Instructions for the task:
Set down the data below in full, exactly as it reads, but without the pictures.

Material provided:
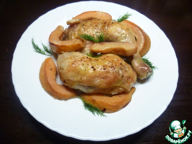 Курица и айва в рукаве
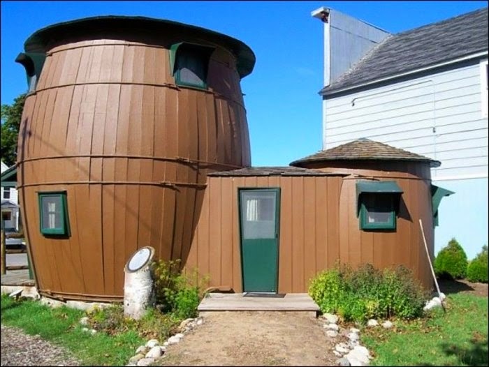 Jika melihat rumah ini mungkin kita bisa melihat tong besar yang tak terisi, padahal ini adalah sebuah rumah tong kayu yang berfungsi untuk mengawetkan anggur. Rumah ini berlokasi di Michgan, Amerika .
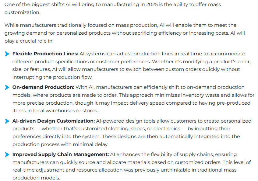 Once risky, just-in-time manufacturing is now supercharged by AI. Factories can produce exactly what’s needed, when it’s needed, enabling mass customization without massive inventory. Think Tesla’s agile model versus traditional auto giants.

Exercise answer:
 Курица и айва в рукаве
 Jika melihat rumah ini mungkin kita bisa melihat tong besar yang tak terisi, padahal ini adalah sebuah rumah tong kayu yang berfungsi untuk mengawetkan anggur. Rumah ini berlokasi di Michgan, Amerika .
 Once risky, just-in-time manufacturing is now supercharged by AI. Factories can produce exactly what’s needed, when it’s needed, enabling mass customization without massive inventory. Think Tesla’s agile model versus traditional auto giants.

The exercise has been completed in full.